Information shown:
************

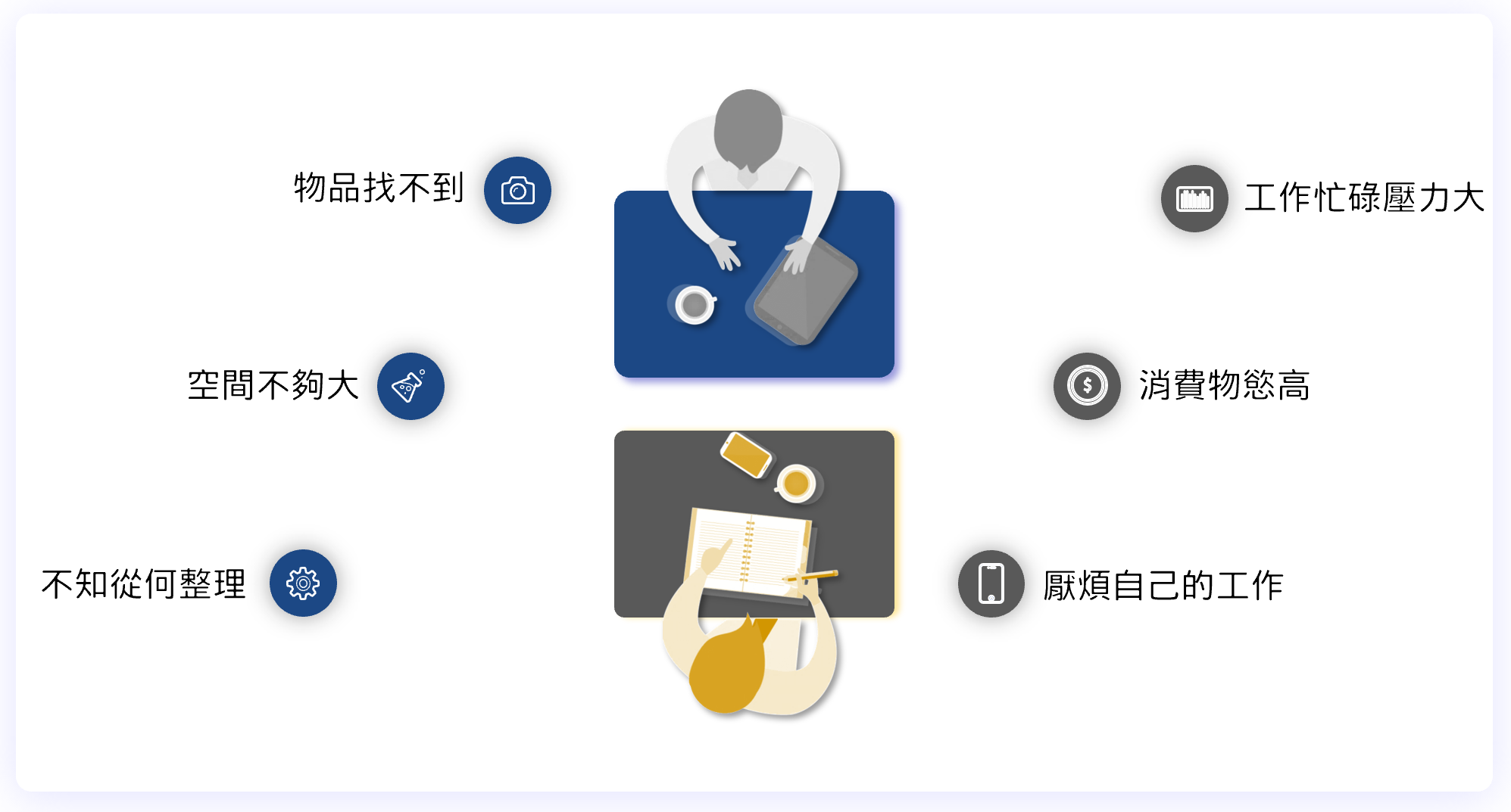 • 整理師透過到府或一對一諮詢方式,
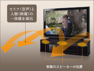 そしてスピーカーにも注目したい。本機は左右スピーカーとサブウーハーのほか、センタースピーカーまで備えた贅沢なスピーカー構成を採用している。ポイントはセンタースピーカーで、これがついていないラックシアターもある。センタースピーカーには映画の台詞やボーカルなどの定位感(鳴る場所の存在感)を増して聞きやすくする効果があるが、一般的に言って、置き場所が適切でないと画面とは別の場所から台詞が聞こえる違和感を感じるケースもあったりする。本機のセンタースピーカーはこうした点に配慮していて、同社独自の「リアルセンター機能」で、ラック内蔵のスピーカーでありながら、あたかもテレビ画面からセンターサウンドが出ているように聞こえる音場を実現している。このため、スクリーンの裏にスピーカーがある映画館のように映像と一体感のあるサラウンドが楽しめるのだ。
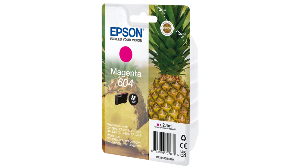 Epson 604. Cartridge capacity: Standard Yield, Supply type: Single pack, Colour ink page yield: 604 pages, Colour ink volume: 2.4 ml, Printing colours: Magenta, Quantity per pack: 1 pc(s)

************

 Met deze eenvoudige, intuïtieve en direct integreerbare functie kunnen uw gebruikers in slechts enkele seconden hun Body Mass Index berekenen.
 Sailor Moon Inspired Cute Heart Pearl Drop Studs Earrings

************

Action item: Print, exactly, each line above from the one with "そしてスピーカーにも注目した" to the one with "Epson 604. Cartridge", end lines included. Leave pictures out of it.

Solution below:
 そしてスピーカーにも注目したい。本機は左右スピーカーとサブウーハーのほか、センタースピーカーまで備えた贅沢なスピーカー構成を採用している。ポイントはセンタースピーカーで、これがついていないラックシアターもある。センタースピーカーには映画の台詞やボーカルなどの定位感(鳴る場所の存在感)を増して聞きやすくする効果があるが、一般的に言って、置き場所が適切でないと画面とは別の場所から台詞が聞こえる違和感を感じるケースもあったりする。本機のセンタースピーカーはこうした点に配慮していて、同社独自の「リアルセンター機能」で、ラック内蔵のスピーカーでありながら、あたかもテレビ画面からセンターサウンドが出ているように聞こえる音場を実現している。このため、スクリーンの裏にスピーカーがある映画館のように映像と一体感のあるサラウンドが楽しめるのだ。
 Epson 604. Cartridge capacity: Standard Yield, Supply type: Single pack, Colour ink page yield: 604 pages, Colour ink volume: 2.4 ml, Printing colours: Magenta, Quantity per pack: 1 pc(s)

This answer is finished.